Sociologist Victor Ray named F. Wendell Miller Associate Professor

Friday, June 4, 2021

Victor RayThe University of Iowa has named Dr. Victor Ray, a sociologist and public scholar who publishes widely in the sociology of race and ethnicity, to the F. Wendell Miller Associate Professorship. Ray serves on the faculty of the Department of Sociology and Criminology and the African American Studies Program.

Sara Sanders, dean of the College of Liberal Arts and Sciences, hailed Ray's selection.

"Professor Ray is a recognized leader in a field that is still emerging and is evolving rapidly," Sanders said. "His work is at the forefront of helping our society grapple with fundamental questions of how perceptions and attitudes toward race and ethnicity shape our institutions, including right here at Iowa. I am delighted that Victor is on our faculty, and I look forward to learning of his work and accomplishments in the years ahead."

Ray’s research, which has received funding from the Ford Foundation, National Science Foundation, and other organizations, applies critical race theory to classic sociological questions, primarily organizational structures. He has helped shape his discipline through his scholarship, publishing regularly in influential journals such as American Sociological Review, Annals of the American Academy of Political and Social Science, and Ethnic and Racial Studies, among others. He has contributed chapters to edited books, written reviews of books by other scholars, and contributed entries for encyclopedias including the Wiley-Blackwell Encyclopedia of Race, Ethnicity, and Nationalism and Encyclopedia of Race and Racism, 2nd Edition.

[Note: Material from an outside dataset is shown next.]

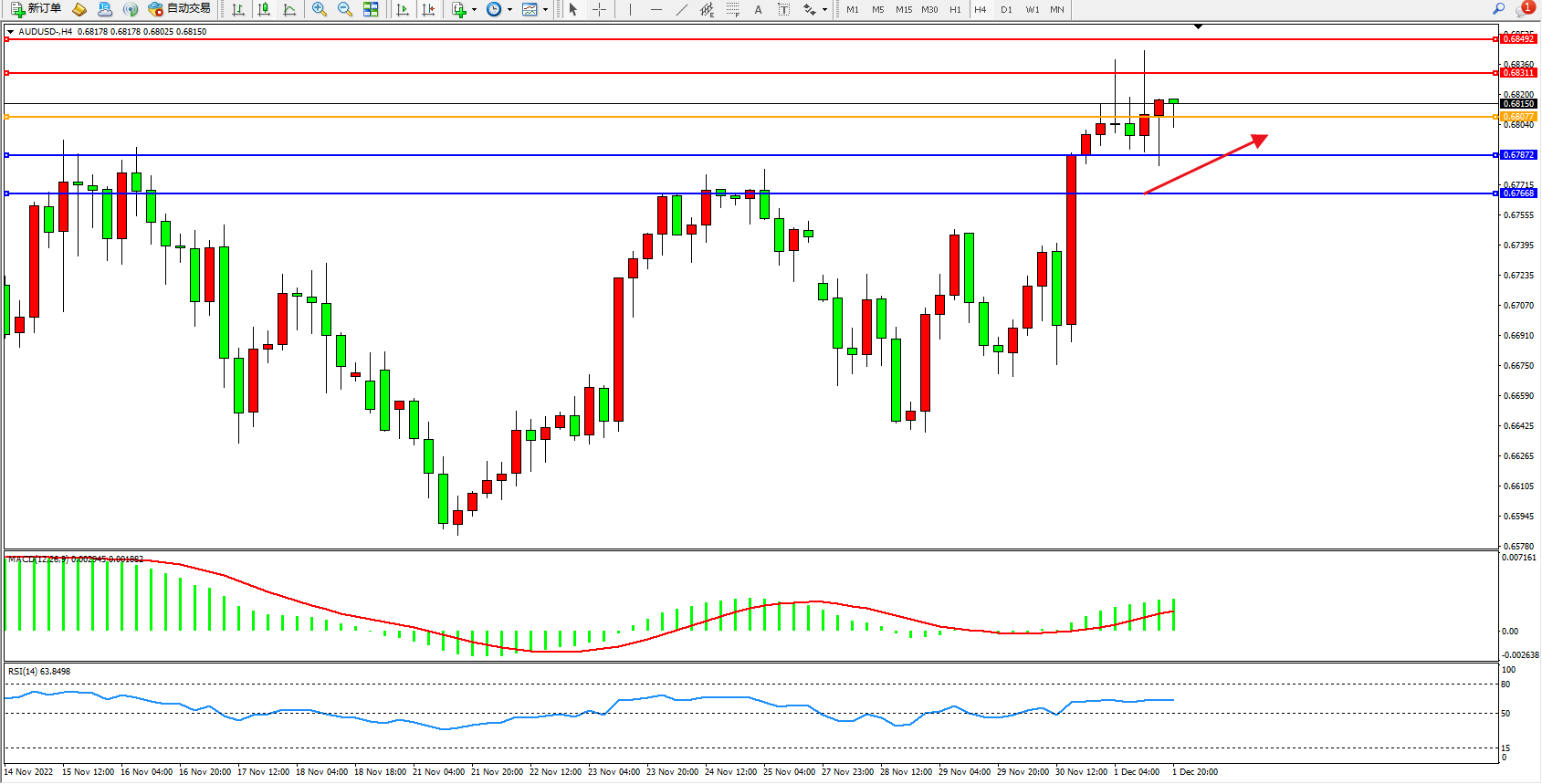 交易策略:0.68077上方看涨,目标0.67311、0.68492

A popular instructor at the undergraduate and graduate levels, Ray, who joined the UI faculty in 2019, teaches courses on race and ethnicity, and is frequently invited to deliver lectures at conferences and universities. He earned his PhD from Duke University, where he received the Dean's Award for Excellence in Mentoring.

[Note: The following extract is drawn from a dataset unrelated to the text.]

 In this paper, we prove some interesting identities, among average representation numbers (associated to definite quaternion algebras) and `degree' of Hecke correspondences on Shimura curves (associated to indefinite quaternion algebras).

In addition to his research and teaching, his public commentary appears in periodicals such as The Washington Post, Harvard Business Review, and Boston Review. When the Canadian Broadcasting Company produced a piece critiquing coverage of race and ethnicity in National Geographic, the network turned to Ray as a featured expert, and he has appeared on other radio and television programs, as well.

Ray has earned national recognition for his work. In 2020, he was the sole recipient of the Distinguished Early Career Award from the American Sociological Association Section on Racial and Ethnic Minorities, and he received the Junior Scholar Award from the Southern Sociological Society in 2019. His F. Wendell Miller Associate Professorship will become effective July 1, 2021.


The University of Iowa College of Liberal Arts and Sciences offers about 70 majors across the humanities; fine, performing and literary arts; natural and mathematical sciences; social and behavioral sciences; and communication disciplines. About 15,000 undergraduate and nearly 2,000 graduate students study each year in the college’s 37 departments, led by faculty at the forefront of teaching and research in their disciplines. The college teaches all Iowa undergraduates through the college's general education program, CLAS CORE. About 80 percent of all Iowa undergraduates begin their academic journey in CLAS. The college confers about 60 percent of the university's bachelor's degrees each academic year.